You're making a lot more assumptions than that. There's no reason to simultaneously store all the triangles produced from tesselating a thread full of patches.
It's impossible, anyway, currently, since LDS is too small when TF=64.
You have a HS thread producing patch data, store that in the GDS until the input buffer is full (64k is overkill), and then let the HS thread sit idle until there's room again. In the meantime, TS is cranking out barycentric points one at a time, DS is consuming them 64 at a time, and it has no need to finish the shader any faster than 64 per clock because setup can't consume them any faster than that.
Of course.
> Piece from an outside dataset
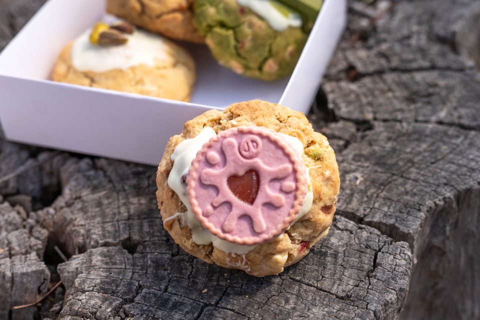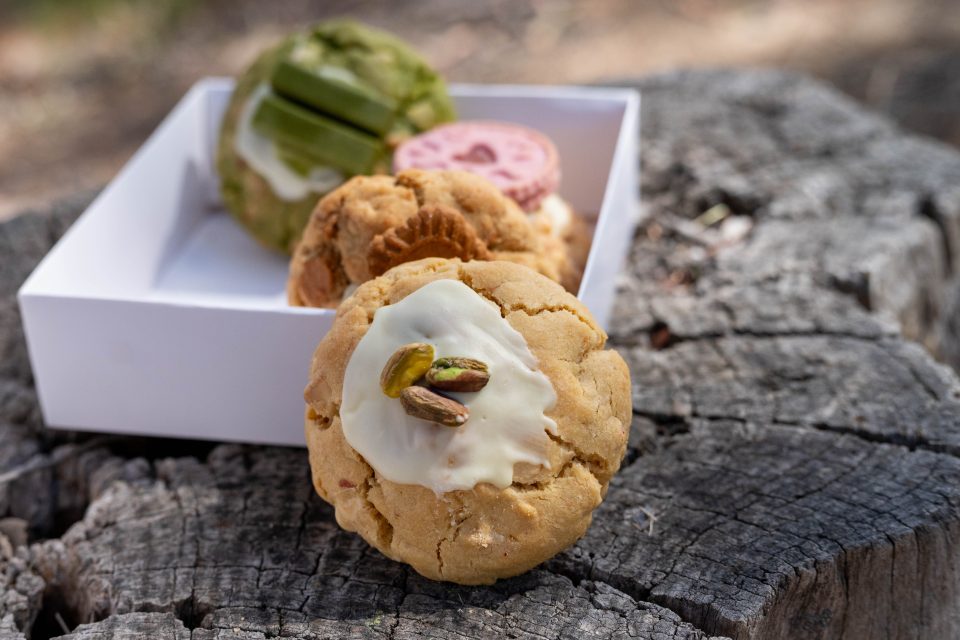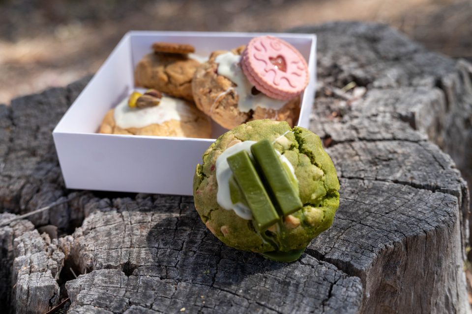 Pistachio Passion is a pistachio and white chocolate cookie with a pistachio cheesecake centre.

DS shaders tend to take a while.
There's no need to store 337*16 triangles.
Well, for a square patch the correct number would be 450*16 (thanks to AlexV for the correction - doh for not even thinking about it). Clearly LDS can't store them all. A ring buffer would have no trouble storing them all, of course. Or the 8192 vertices that TF=64 produces.
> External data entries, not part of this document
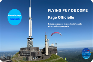 Chez Flying Puy de Dôme, nous mettons un point d’honneur à rester proches de notre clientèle, de nos élèves-pilotes, dents passagers biplace, mais aussi de toute la communauté parapente du massif du Sancy et de la Chaîne des Puys. Les réseaux sociaux sont devenus un véritable outil pour partager notre passion du vol libre, vos photos de baptêmes, de vos stages, les infos du jour, les conditions météo et les nouveautés matériel.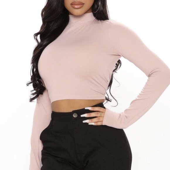 Fashion Nova SZ Large Pink Mock Neck Crop Top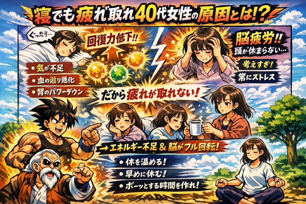 この記事では、40代女性に多い「寝ても疲れが取れない状態」について、中医学の考え方も交えながら、初心者の方にもわかりやすく解説します。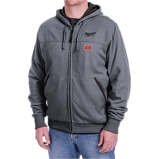 Milwaukee Tool's M12™ Heated Hoodie is powered by an M12™ REDLITHIUM™ Battery with carbon fiber heating elements to create and distribute heat to the chest and back. A one-touch LED controller allows you to select from three heat settings, delivering ideal heat for any environment. The Quick-Heat function allows you to feel your chosen heat level 3X faster than previous hoodies and market competitors. MILWAUKEE® heated hoodies combine a durable cotton/polyester exterior with a waffle weave thermal lining for a versatile three-season solution to keep heat in and allow you to shed bulky layers. These battery-powered heated hoodies are available in four colors, black, gray, red, and navy blue.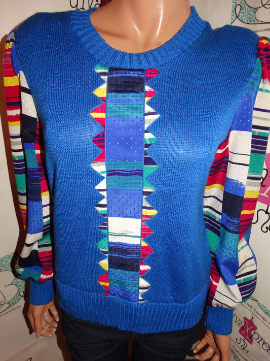 Vintage Leslie Fay Blue Colorful Blouse Size S

And when TS is working its way through the patch that results in thousands of vertices, it can't load-balance itself and switch to another patch, when the destination LDS for the first patch runs out of capacity.
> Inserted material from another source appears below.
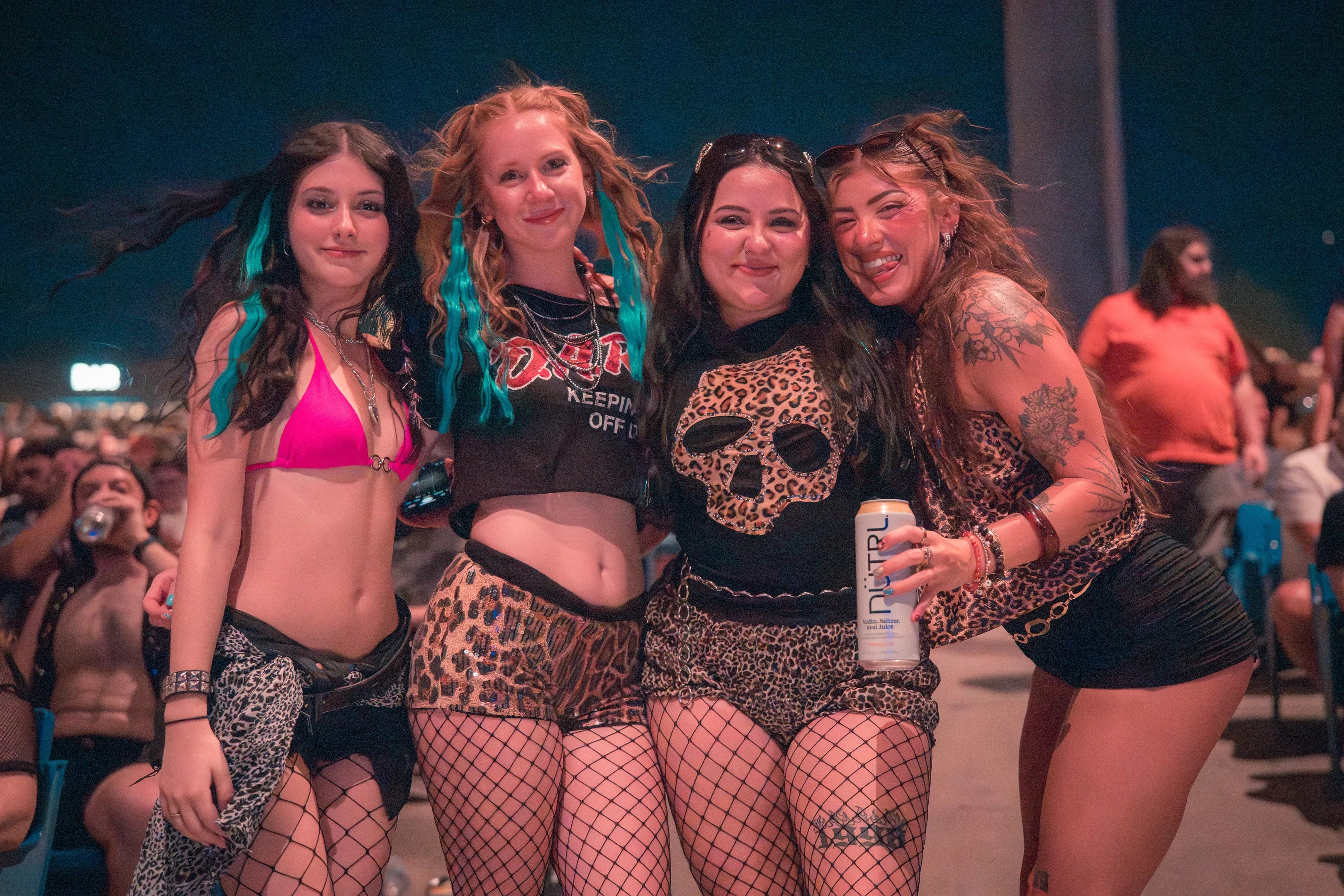 Of course, many went for specific nods to Kesha’s fashion, with distressed tees and denim, American prints (also a nod to the weekend) and merch across all eras. Paired with everyone out with huge sunglasses on, holding giant fans and huge frozen cocktails, this concert had a larger-than-life aesthetic, and everyone seemed to play into it. Although I do have to say, for a show called Tits Out, very few people leaned that far into it, with only a handful of attendees wearing mesh materials or pasties and only a few men going as far as not to don shirts. Not to imply I expected a revived “Free the Nipple” party, but I was still shocked at even the lack of bras in the crowd.

enough patches from differing SIMDs? Nothing wrong with a FIFO. Why would the TS stall? It's by far the slowest stage in the pipeline.
B3D article says HS is 5% arithmetic throughput - i.e. 1 SIMD on Cypress. I think that's prolly too low for the generic case and potentially more of a reflection of the workload balance they gave the chip in the test. But still, there's likely to be a tendency to minimise the number of SIMDs running locked pairs of HS/DS.
If enough SIMDs are allocated to HS/DS then even with high TF there should be enough patches for TS to consume. But we've got zero data on SIMD allocation in high-tessellation scenarios...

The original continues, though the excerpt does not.